Objectives/Aims Dissociation is a potential mechanism in FND. Although scientific studies report elevated rates of dissociative symptoms in FND, a systematic assessment of the biological and clinical correlates of dissociation in FND is lacking. We aimed to systematically review the current evidence describing dissociative symptoms and disorders in functional neurological disorder (FND), and additionally conduct a meta-analysis of dissociative symptom severity in FND. We also aimed to synthesise the existing data on biological and clinical correlates of dissociation in FND.

Methods We systematically searched Embase, PsycINFO, and Medline, combining terms for FND and dissociation. Studies were eligible for inclusion if reporting on dissociative symptom scale scores or rates of dissociative disorder in FND samples. Studies were appraised for methodological quality using modified Newcastle-Ottawa criteria. Findings pertaining to dissociative symptoms or disorders, as well as biological and clinical correlates of dissociation in FND samples, were synthesised qualitatively. Dissociative symptom scores were included in a meta-analysis using random and mixed effects models.

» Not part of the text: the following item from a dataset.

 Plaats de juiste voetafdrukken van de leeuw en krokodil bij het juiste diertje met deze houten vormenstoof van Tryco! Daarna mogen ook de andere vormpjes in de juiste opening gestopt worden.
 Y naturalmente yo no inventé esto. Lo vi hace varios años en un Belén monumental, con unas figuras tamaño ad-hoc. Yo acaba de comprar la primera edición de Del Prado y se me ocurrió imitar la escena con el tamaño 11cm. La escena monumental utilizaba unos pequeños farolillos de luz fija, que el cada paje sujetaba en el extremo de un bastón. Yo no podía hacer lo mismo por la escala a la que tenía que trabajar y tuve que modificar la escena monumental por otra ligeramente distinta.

Results Two-thousand and eighty-eight records were screened and seventy-nine studies were included in the final review. Dissociative symptoms were elevated in FND. The meta-analysis demonstrated a significant elevation in dissociation in FND samples relative to neurological and healthy controls, but not psychiatric controls. Dissociative disorders were frequently co-morbid in FND samples. Psychoform (cognitive) dissociation was more prominent in FND-seizures, whereas somatoform (physical) dissociation tended to be more prominent in FND-motor symptom samples. Dissociation was associated with FND symptom severity or frequency, general psychopathology, and reduced quality of life. Biological correlates of elevated dissociation included structural and functional brain alterations in regions that have previously been implicated in FND, such as the anterior cingulate cortex.

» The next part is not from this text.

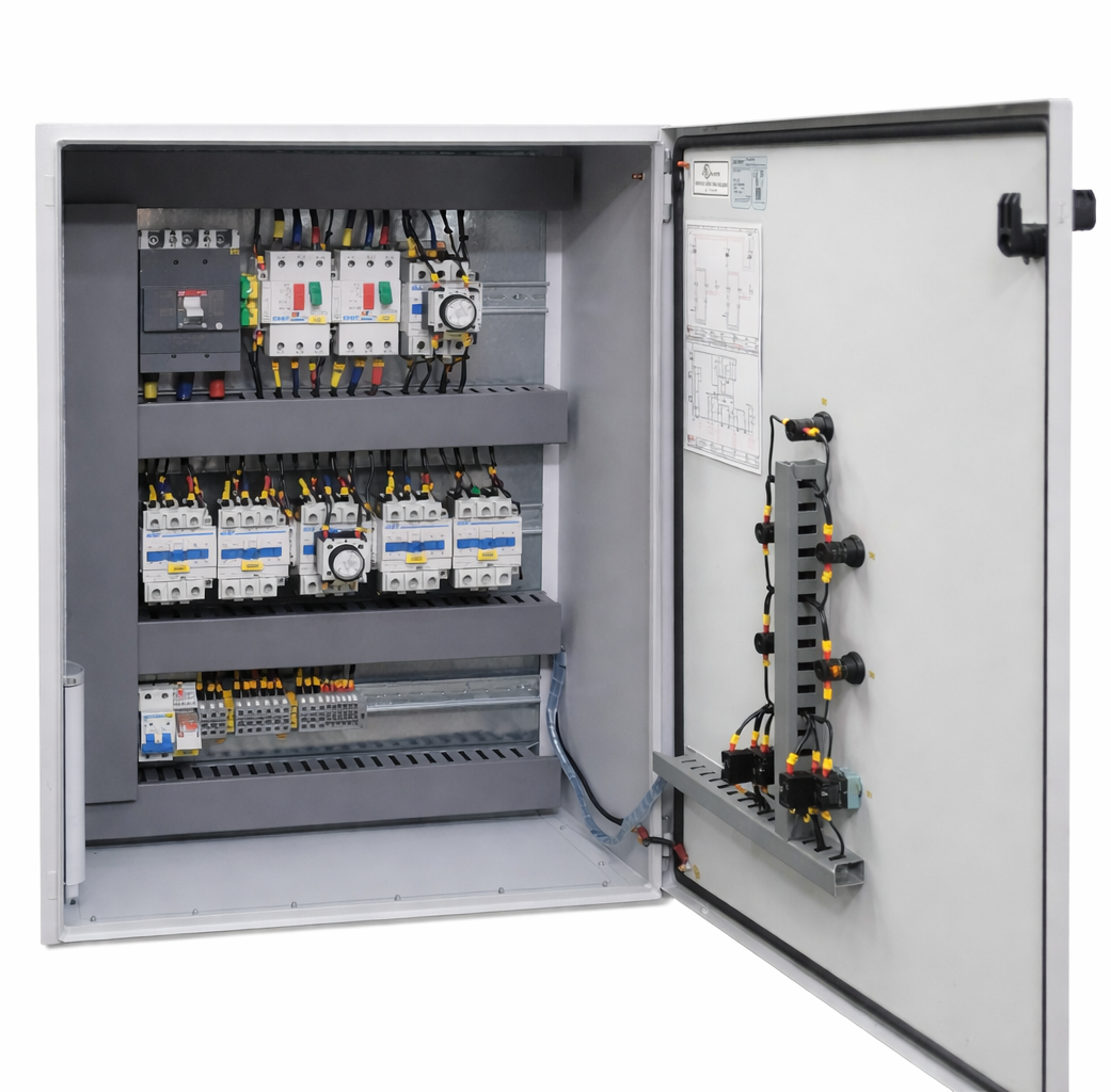 gabinete para alternación y respaldo de 6hp con alternación y respaldo de 2hp además de arranque directo, ejemplo de la adaptabilidad de nuestros desarrollos

Conclusions Dissociative symptoms and disorders are common in FND, and different FND subgroups appear to endorse varying degrees of psychoform or somatoform dissociation. Presence of dissociative symptoms in FND is associated with adverse clinical features; there is therefore a clinical need to assess patients with FND for dissociative symptomatology and to address these symptoms during treatment. Future research should examine dissociation further in different FND subgroups, using measures that distinguish between different types of dissociation, alongside measures of underlying pathophysiology.